日本でも戦前から、彼女のことについて教えられてきたから、80代以上の人は修身の教科書による内容で彼女のことを知っていると思われる。写真はその教科書の一頁を紹介したものである。
この写真の頁とほぼ同じ内容が「ランプを手にした婦人」という見出しで、イギリスの歴史教科書にも記述されている。その記述中に。
「彼女のことを『ランプを手にした婦人』とよんだ。それは、彼女が、彼女の出した指図がことごとく実行されているかどうかを確認するために、夜一番最後に病棟を見廻ることを日々の日課としていたからである。」とあるが、まさに紙幣に描かれたのはこの場面であろう。この「ランプを手にした婦人」という見出しは「病気との闘い 公衆衛生と医学」というタイトルの章の中にある。

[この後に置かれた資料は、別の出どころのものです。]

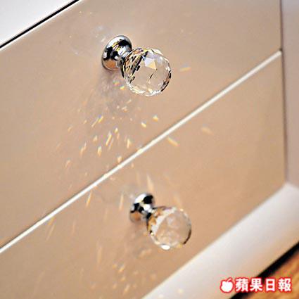 一個好的家居設計,必須有貫徹的風格兼有主題,甫進屋,便被屋內不同位置的水晶燈吸引着,香檳金主調的客廳,選用特色鏡材、花紋家具,摩登中滲透出古典味。客廳以多線條和扭花的水晶燈,配上梳化後的兩面鏡牆,兩者互相反射下令這盞白色天花燈頓成全廳焦點。至於飯廳則用上古典味重、但Detail位較Modern的Baccarat水晶燈,最重要是線條簡潔而通透度高,最適合放在飯廳。就連各個洗手間,於鏡前亦配襯長形的水晶串燈,令氣氛更加柔和瑰麗。

個人的な徳の高さを評価する日本(修身教科書では「博愛」という見出しであった)とは違って、イギリスでは社会制度の発展に寄与したことに、評価の対象を置いているようだ。
日本では、まだまだ修身的な見方の彼女のイメージが子供の頃に再生産されているようだ。小学校の高学年の女児の半数くらいが、博愛的な女性としてのイメージで彼女を知っているという。

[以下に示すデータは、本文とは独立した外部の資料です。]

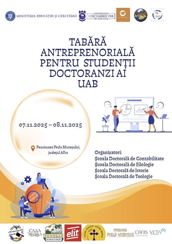 Școlile Doctorale de Contabilitate, Filologie, Istorie și Teologie din cadrul IOSUD al Universității „1 Decembrie 1918” din Alba Iulia organizează, în perioada 7–8 noiembrie 2025, o tabără antreprenorială pentru studenții doctoranzi. Activitățile propuse vor contribui la formarea de competențe antreprenoriale, dezvoltarea gândirii inovative și susținerea inițiativelor de cercetare aplicată în rândul tinerilor cercetători.

高等学校の世界史教科書では、彼女の名が出てくることは少なく、記述されていたとしても、「国際赤十字社」の説明として欄外に「クリミア戦争の際のイギリス人ナイチンゲールの活動に感銘を受けたスイス人デュナンの提唱で・・・(三省堂世界史)」などと書かれている程度である。この程度の記述で、小学校高学年までに得られたナイチンゲールのイメージはイギリス的な視点に置き換えるのは難しいと思う。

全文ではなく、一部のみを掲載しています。